Strong localization of oxidized Co3+ state in cobalt-hexacyanoferrate

TL;DR

This study uses high-resolution RIXS spectroscopy to reveal that the oxidized Co3+ state in cobalt-hexacyanoferrate is highly localized, which enhances the reversibility and stability of battery redox processes.

Contribution

It demonstrates the strong localization of oxidized Co3+ in cobalt-hexacyanoferrate, providing insights into its redox behavior and stability in battery applications.

Findings

Oxidized Co3+ state is strongly localized.

Local electronic state around Co2+ remains invariant during partial oxidation.

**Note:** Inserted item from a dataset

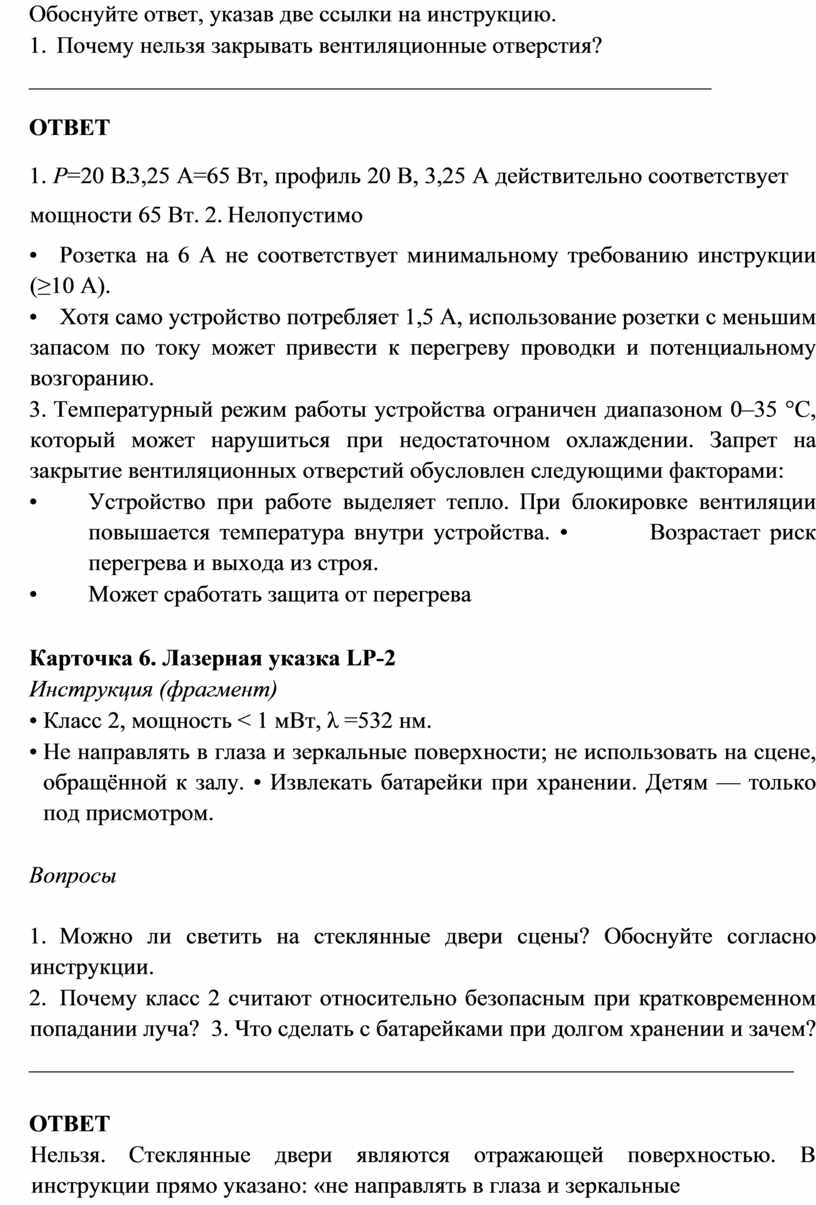 Ниже представлены 5 карточек, содержащие фрагменты инструкций. Каждая содержит 3 вопроса. Автор постарался ответить на поставленные вопросы.

Localization of Co3+ reduces side reactions and deterioration.

Abstract

Secondary batteries are important energy storage devices for a mobile equipment, an electric car, and a large-scale energy storage. Nevertheless, variation of the local electronic state of the battery materials in the charge (or oxidization) process are still unclear. Here, we investigated the local electronic state of cobalt-hexacyanoferrate (Na$_x$Co[Fe(CN)$_6$]$_{0.9}$), by means of resonant inelastic X-ray scattering (RIXS) with high energy resolution (~100 meV). The L-edge RIXS is one of the most powerful spectroscopic technique with element- and valence-selectivity. We found that the local electronic state around Co$^{2+}$ in the partially-charged Na$_{1.1}$Co$^{2+}$$_{0.5}$Co$^{3+}$$_{0.5}$[Fe$^{2+}$(CN)$_6$]$_{0.9}$ film (x = 1.1) is the same as that of the discharged Na$_{1.6}$Co$^{2+}$[Fe$^{2+}$(CN)$_6$]$_{0.9}$ film (x = 1.6) within the energy resolution, indicating that the local electronic state around Co$^{2+}$ is invariant against the partial oxidization. In addition, the local electronic state around the oxidized Co$^{3+}$ is essentially the same as that of the fully-charged film Co$^{3+}$[Fe$^{2+}$(CN)$_6$]$_{0.3}$[Fe$^{3+}$(CN)$_6$]$_{0.6}$ (x = 0.0) film. Such a strong localization of the oxidized Co$^{3+}$ state is advantageous for the reversibility of the redox process, since the localization reduces extra reaction within the materials and resultant deterioration.